"Oh, yes, very easily; travel all night, and you'll be there in the morning. S'pose you're going, with everybody else, to see the woman executed, eh? Lord bless me! what's the matter with her?" said the man, in dismay, as Christie, with a loud, indescribable cry, hid her face in her hands.

"Nothing! nothing!" said Willard, and with a face perfectly colorless. "What time—at what hour, I mean, does this execution take place?"

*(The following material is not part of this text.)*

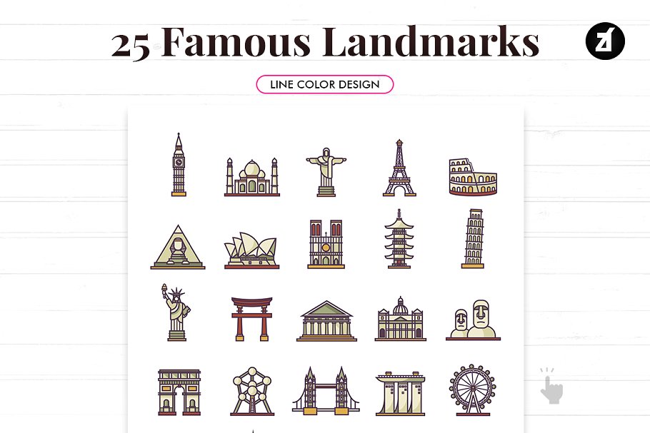 عنوان : Download 25 Famous landmark icon
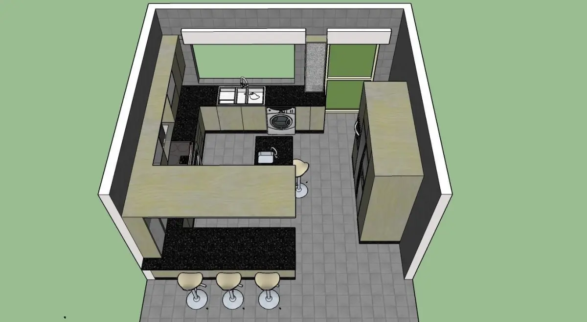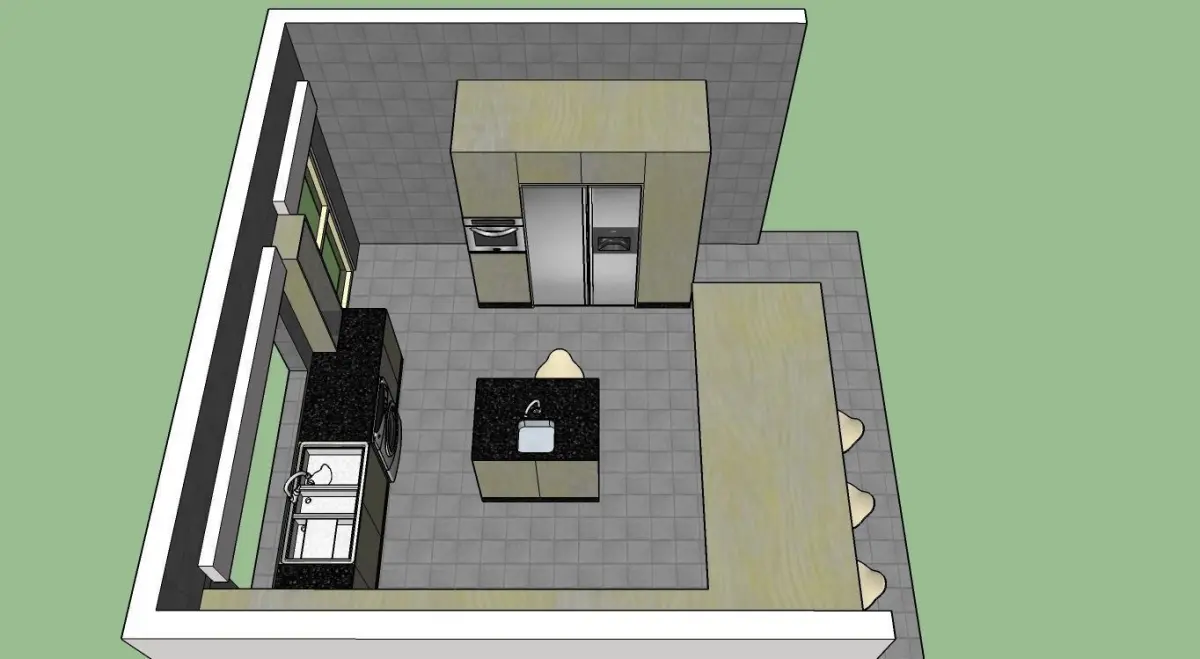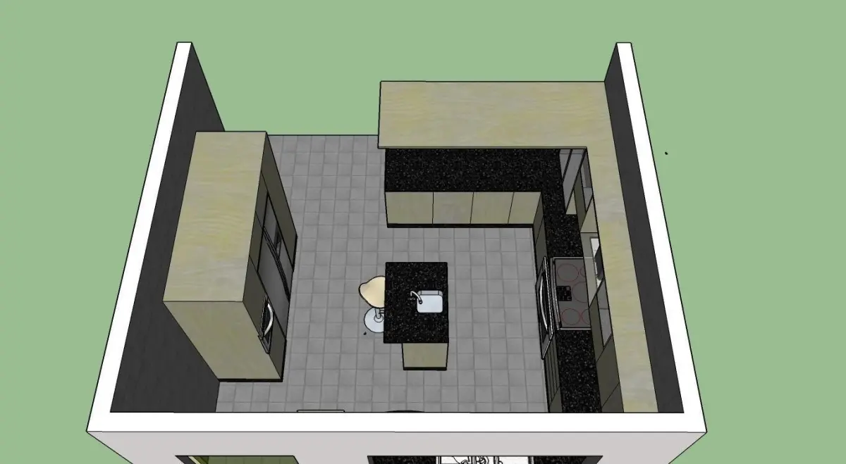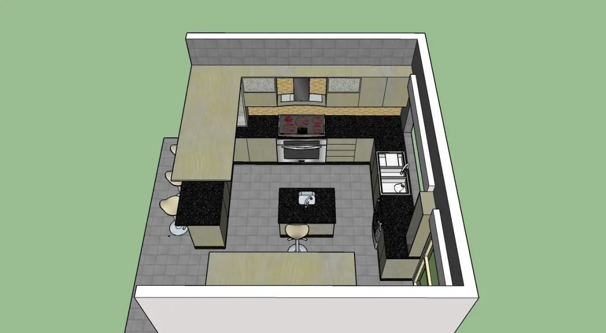 an american style kitchen, wooden and granite with an island, designed and 3d modeled to scale and standards by architect Amr Almasri @ Calligraphy Art Applications

"Nine in the morning; has to be early on account of the mob. Nobody ever heard tell of such a mass of people as will be there. Most as many as at the Day of Judgment."

"Can you not start right away?"

"No, couldn't before an hour."

"Is there any other conveyance to be hired near?"

"No, there ain't," said the man, shortly; "everybody wants their own to take themselves there. If it's to see her hung you want, you'll be plenty time when I start."

There was no help for it; and Willard and his equally impatient companions were obliged to wait almost two hours before the farmer was ready to start. Then he and his wife mounted on the front seat, and Willard and Christie sat behind, and throwing her arms around his neck, Christie bade Uncle Reuben a last farewell.

"Good-by, little Christie!" he said, sorrowfully, "Good-by, and Heaven bless thee. I will come to see thee some day soon."

And then good Uncle Reuben entered his donkey-cart, and turned his sad face toward the lonesome forest cottage, doubly lonesome now. And Christie, shrinking closer to Willard, laid her tired head on his arm, too weary and exhausted even to weep for the friend she had left.